Lara Uselding
Public Affairs Officer, Region IV
The NRC will hold a public meeting March 27 to discuss the status of the
Fort Calhoun nuclear plant,
located 19 miles north of Omaha. As many know, the plant has been shut
down since April 9, 2011, for a refueling outage. The outage was
extended due to historic flooding along the Missouri River followed by
an electrical fire that led to an “Alert” declaration and further
restart complications.
We’d like to bring readers up to speed on where we are since January’s
blog update and share four new updates.
First, the NRC recently revised the
Confirmatory Action Letter (CAL)
we originally issued in June 2012, outlining actions Omaha Public Power
District (OPPD) had agreed to do before restarting the plant. The
revisions added three categories to the restart checklist – OPPD will
address containment internal structure issues, the use of Teflon seals
on electrical cables passing through containment, and several event
reports involving recently identified equipment problems.
This
was followed by an update to the detailed 450+ action item list known
as the basis document to reflect the three new CAL categories. After
conducting independent verification of OPPD’s work, the NRC has closed
more than 100 items on the basis document list, although none of the 18
restart checklist categories have been closed.
The
third update is that a 15-member NRC inspection team led by a veteran
Senior Resident Inspector Greg Warnick, stationed at another plant, has
been on site conducting a thorough inspection and independent
verification of Fort Calhoun’s current safety status.
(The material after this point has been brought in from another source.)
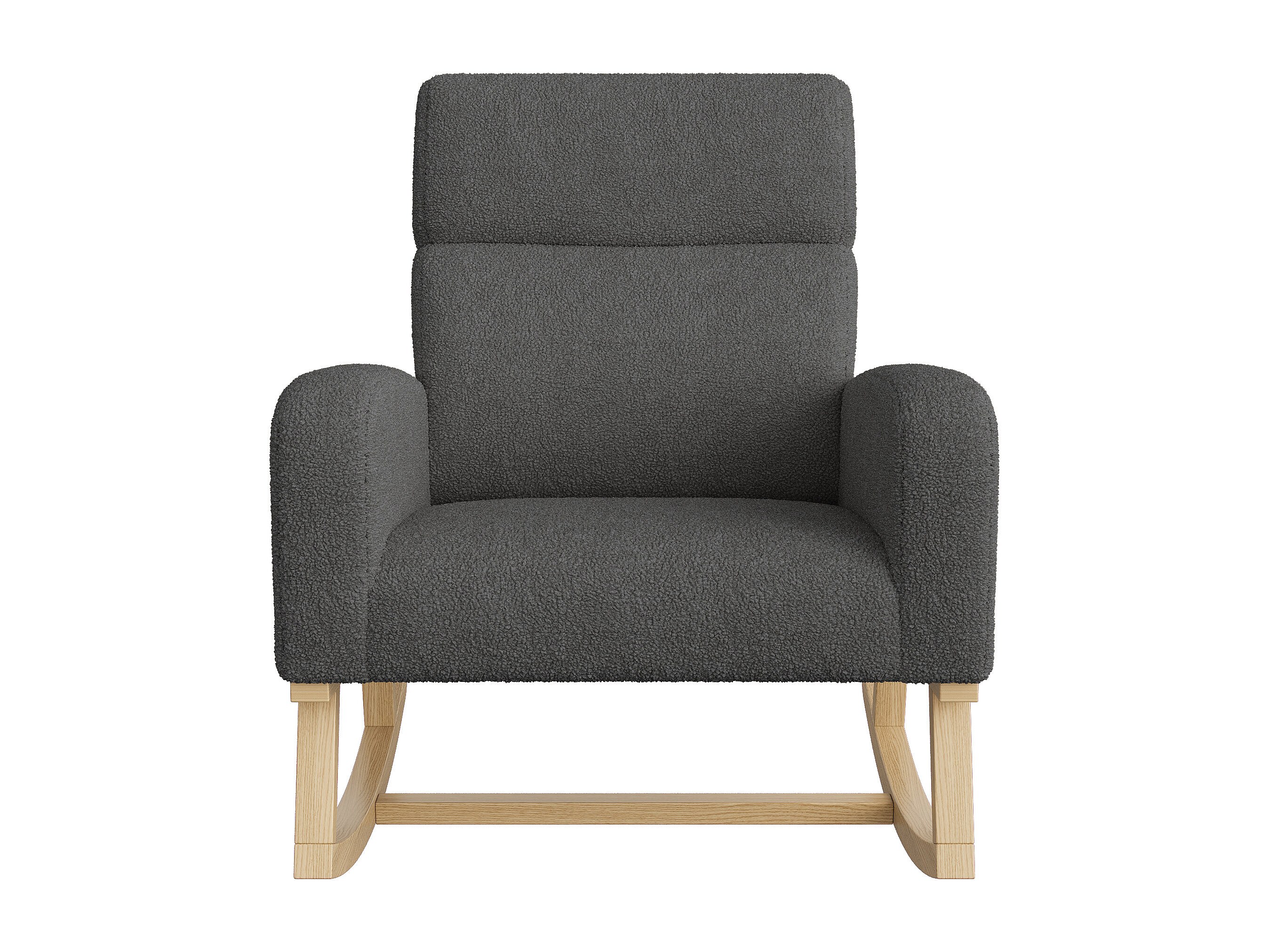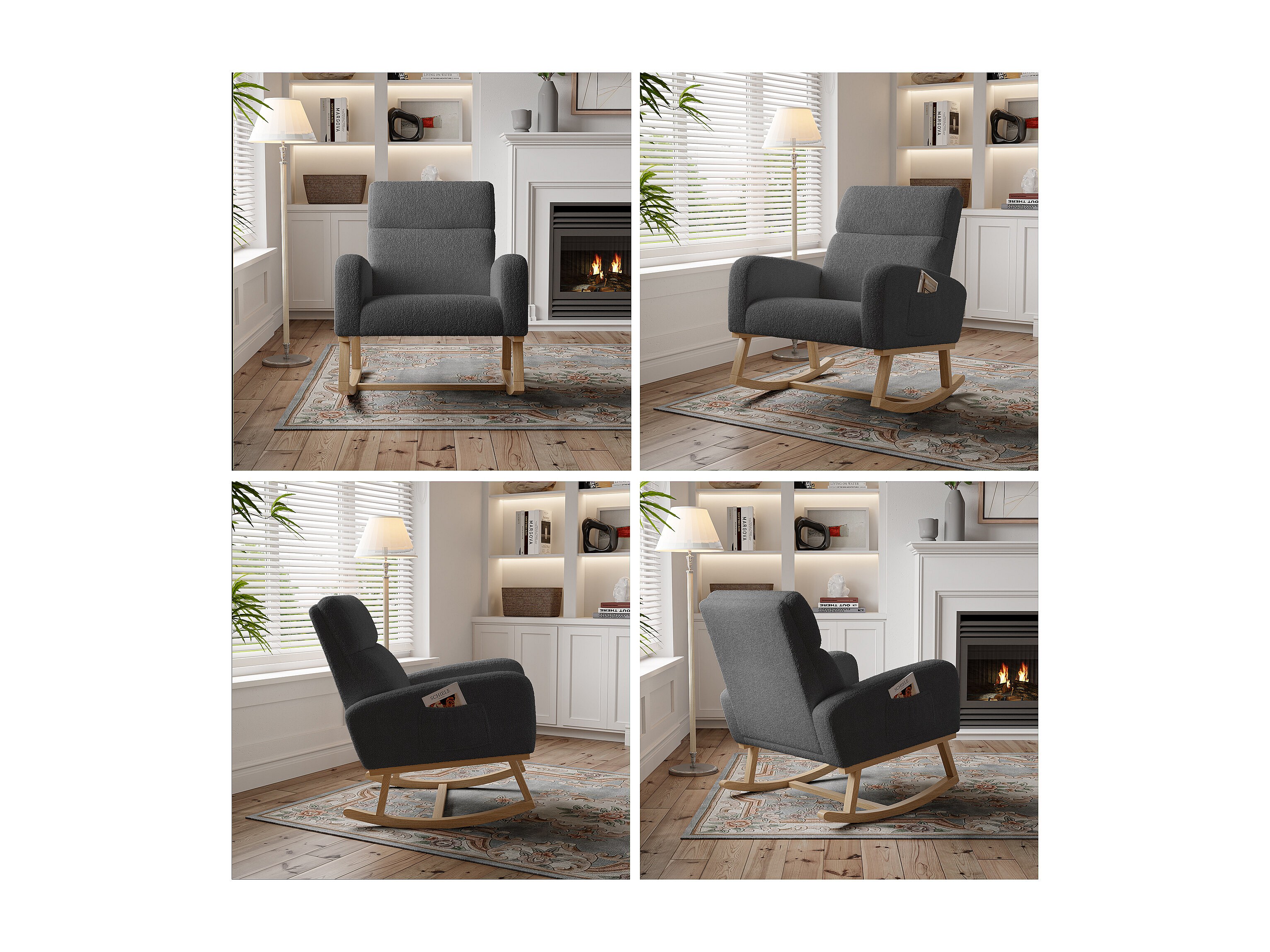 Schommelstoel, relaxstoel, met zakken en houten poten, donkergrijs teddyfluweel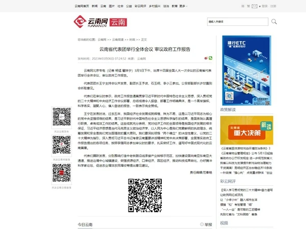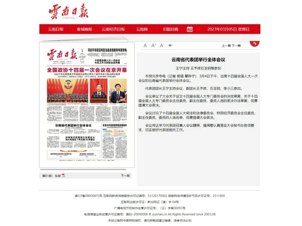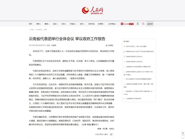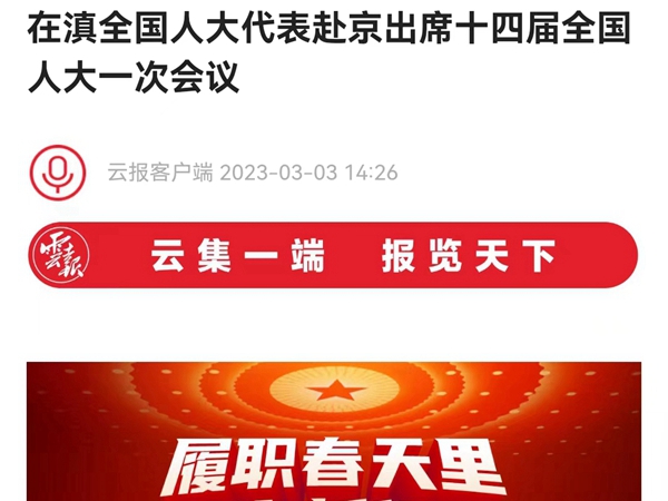 人民网、云南日报、云南广播电视台、云报客户端、云南网等媒体关注云南省代表团参会情况,对代表团抵达北京、参加代表团全体会议、代表小组会议、提交议案建议等工作进行报道。

The team
inspection will provide the NRC a real sense on how much progress OPPD
has made in preparing plant systems, structures, components, people and
processes for restart. The inspectors are using the basis document’s
450+ items as their guide.
Fourth, an
inspection report issued
yesterday, lists two NRC-identified issues, including a failure by OPPD
to get NRC approval before making changes to the plant’s flood
protection strategy. Inspectors also identified that OPPD failed to
address a 2012 violation involving six sluice gates and motors that
control the flow of water from the Missouri River into the plant’s
cooling system. By not following the process to classify these sluice
gates as safety related, the intake structure may not properly protect
the cooling water system and pumps during a flood.
The public is encouraged to join us in Omaha for the
meeting where the NRC staff will be available to answer questions about these topics.